8 C
New York
Sunday, November 24, 2024

About 2,000 migrants begin a Holy Week walk in southern Mexico to lift awareness of their plight

About 2,000 migrants began walking Monday in southern Mexico in what has turn into a standard demonstration during Holy Week before Easter to attract attention to their plight.

Leaving Tapachula near the Guatemalan border at dawn, the migrants and their advocates said their goal was to succeed in Mexico’s capital and highlight the risks they face including robberies, sexual assaults, extortion and kidnapping.

Mexico has practiced a containment strategy in recent times that goals to maintain migrants in southern Mexico removed from the U.S. border. Migrants can languish there for months attempting to regularize their status through asylum or other means. Migrants say there may be little work available, and most carry large debts to smugglers.

The procession included a big white cross painted with the words “Christ resurrected” in Spanish. The day before the march, there was a stations of the cross procession — a time for pilgrimage and reflection — across the river that divides Guatemala and Mexico.

Guatemalan Daniel Godoy joined the walk on Monday together with his wife and two children after waiting in Tapachula for 4 months to regularize their status.

“There’s still no date for the cardboard, for the permit,” he said as they walked down a rural highway. “We decided it’s higher to come back on our own.”

He carried his 2-year-old daughter on his shoulders and his wife carried their 6-month-old baby.

Rev. Heyman Vázquez Medina, a member of the Catholic Church’s human mobility effort, said Mexico’s immigration policy lacked clarity.

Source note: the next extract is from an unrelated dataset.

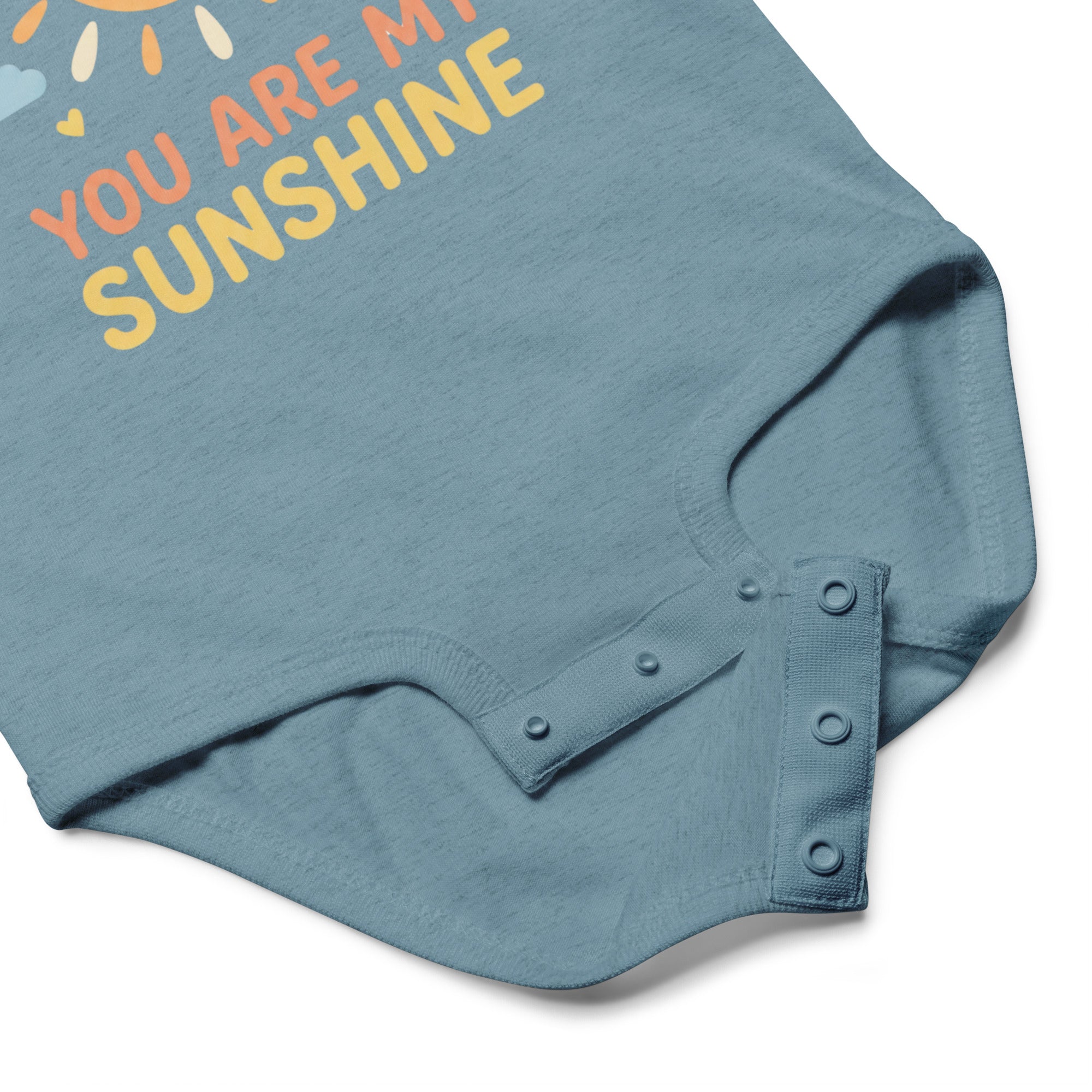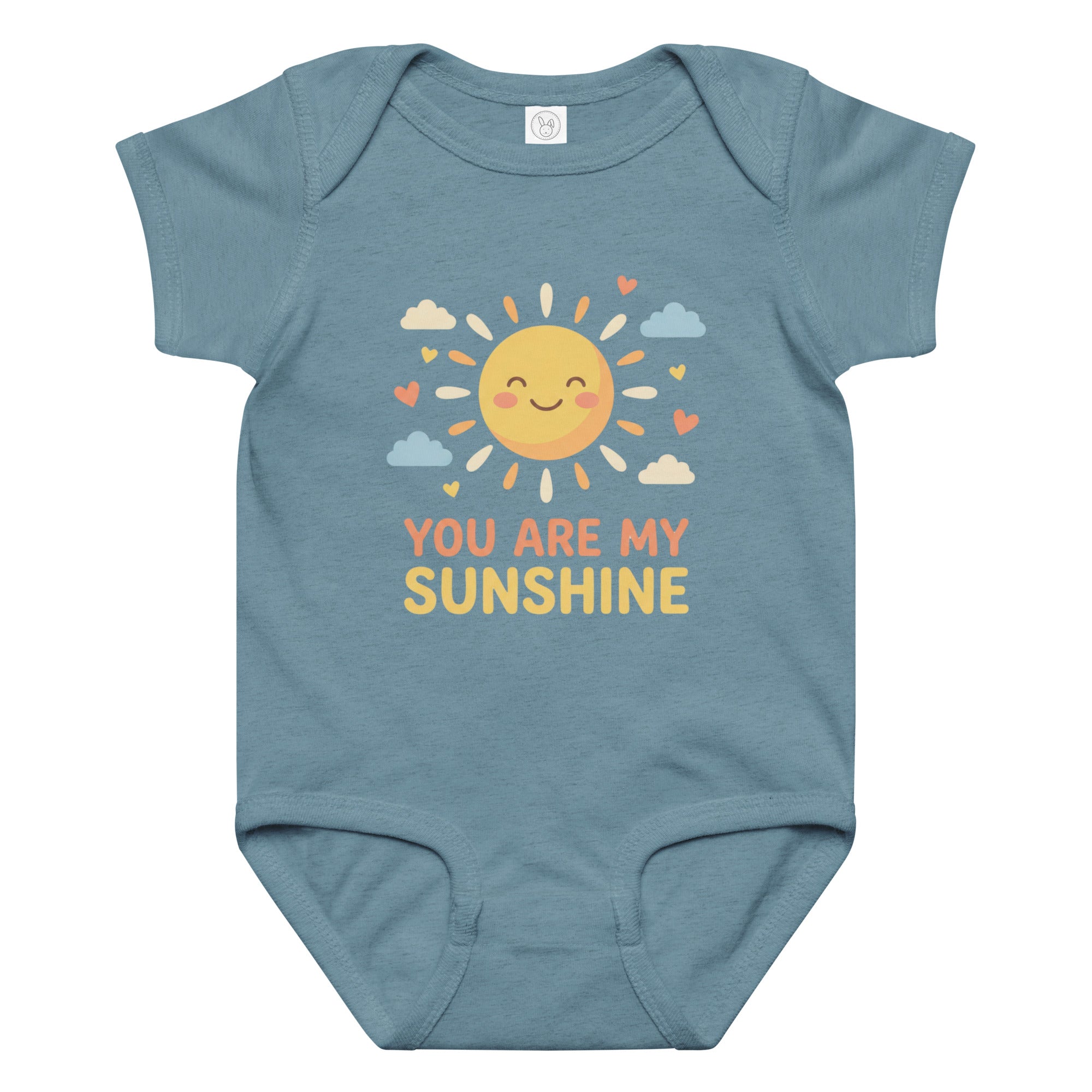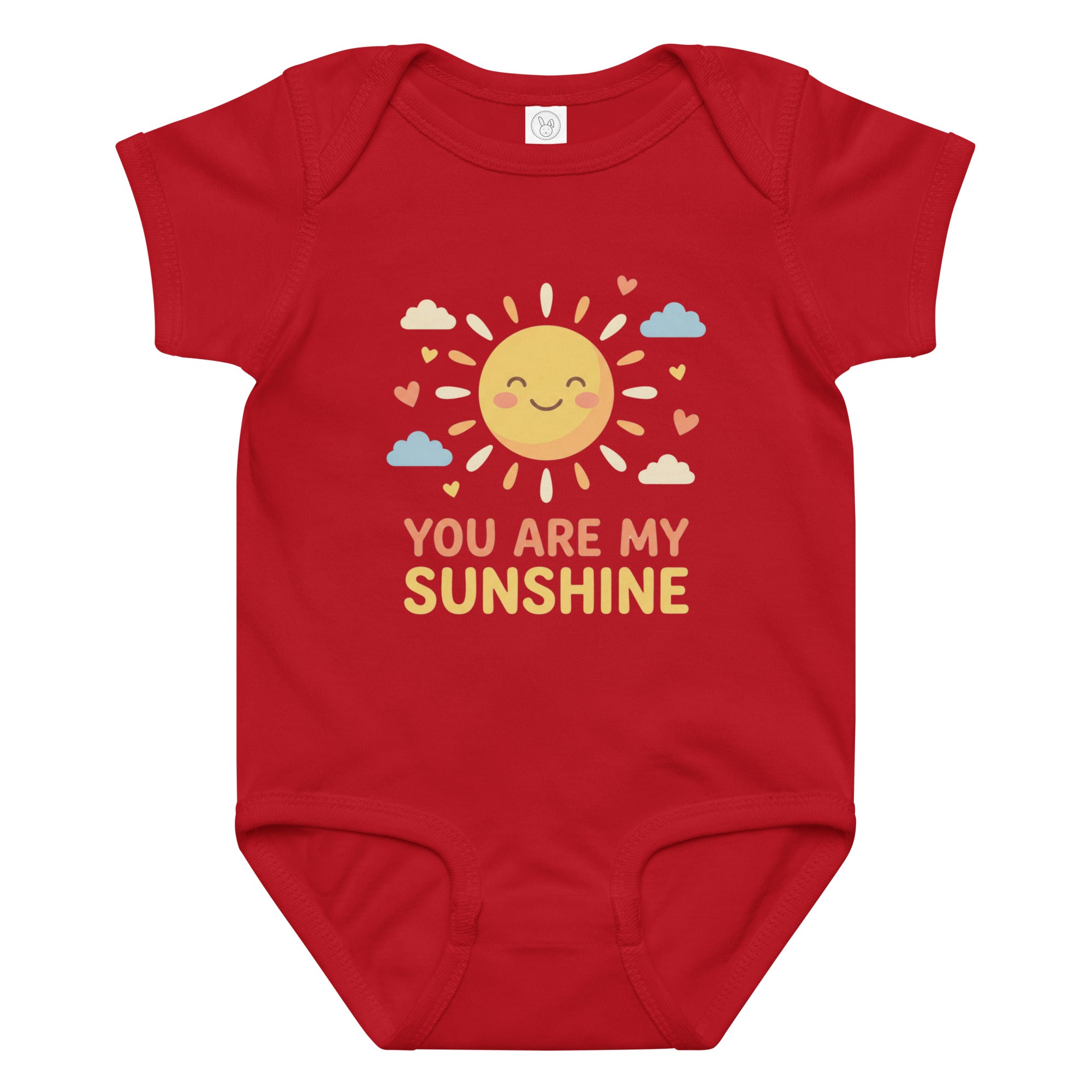 This adorable baby bodysuit features a cheerful, smiling sun graphic surrounded by bright sunbeams, fluffy clouds, and tiny hearts. Below the vibrant artwork, the heartwarming phrase 'YOU ARE MY SUNSHINE' is printed in a playful orange and yellow font. Crafted from 100% cotton jersey, this bodysuit provides ultimate softness and comfort for your little one, designed for gentle wear and easy diaper changes with its convenient snap closure.

He noted that the federal government dragged its feet in granting legal status to cross the country and kept migrants off public transportation, but allow them to make the exhausting trek up highways.

“They must walk under the sun and the rain, kilometers and kilometers, affected by hunger? Who can take that?” Vázquez said.

Mexico’s government has been under pressure from the Biden administration to manage the flow of migrants to the U.S. border.

The U.S. Border Patrol encountered migrants 140,644 times in February, in line with data released Friday. That was up from 124,220 in January but well below the nearly 250,000 encounters in December.

___

Follow AP’s coverage of migration issues at https://apnews.com/hub/migration

Related Articles

LEAVE A REPLY

Please enter your comment!
Please enter your name here

Stay Connected

0FansLike
0FollowersFollow
0SubscribersSubscribe

Sign up to receive your exclusive updates, and keep up to date with our latest articles!

We don’t spam! Read our privacy policy for more info.